_What you will do_:
Nothing but the lines below from the one holding "在位于江西省景德镇市善窑厂的" up to and including the one holding "Магистральный фильтр из" should be copied, exactly and without pictures.

_Data shown_:
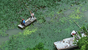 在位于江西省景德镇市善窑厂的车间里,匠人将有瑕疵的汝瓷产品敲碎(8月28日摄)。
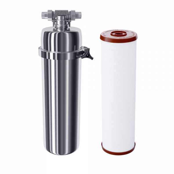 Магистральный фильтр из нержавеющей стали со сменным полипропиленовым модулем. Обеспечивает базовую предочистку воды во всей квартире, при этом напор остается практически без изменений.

---

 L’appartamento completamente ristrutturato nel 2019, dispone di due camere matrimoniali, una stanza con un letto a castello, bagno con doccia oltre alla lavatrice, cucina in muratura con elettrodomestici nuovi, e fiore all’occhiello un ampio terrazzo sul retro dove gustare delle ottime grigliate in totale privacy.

...

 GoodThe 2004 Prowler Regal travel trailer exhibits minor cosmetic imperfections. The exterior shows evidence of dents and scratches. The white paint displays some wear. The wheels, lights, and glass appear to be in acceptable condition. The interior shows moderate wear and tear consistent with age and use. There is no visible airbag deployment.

_Exercise output_:
 在位于江西省景德镇市善窑厂的车间里,匠人将有瑕疵的汝瓷产品敲碎(8月28日摄)。
 Магистральный фильтр из нержавеющей стали со сменным полипропиленовым модулем. Обеспечивает базовую предочистку воды во всей квартире, при этом напор остается практически без изменений.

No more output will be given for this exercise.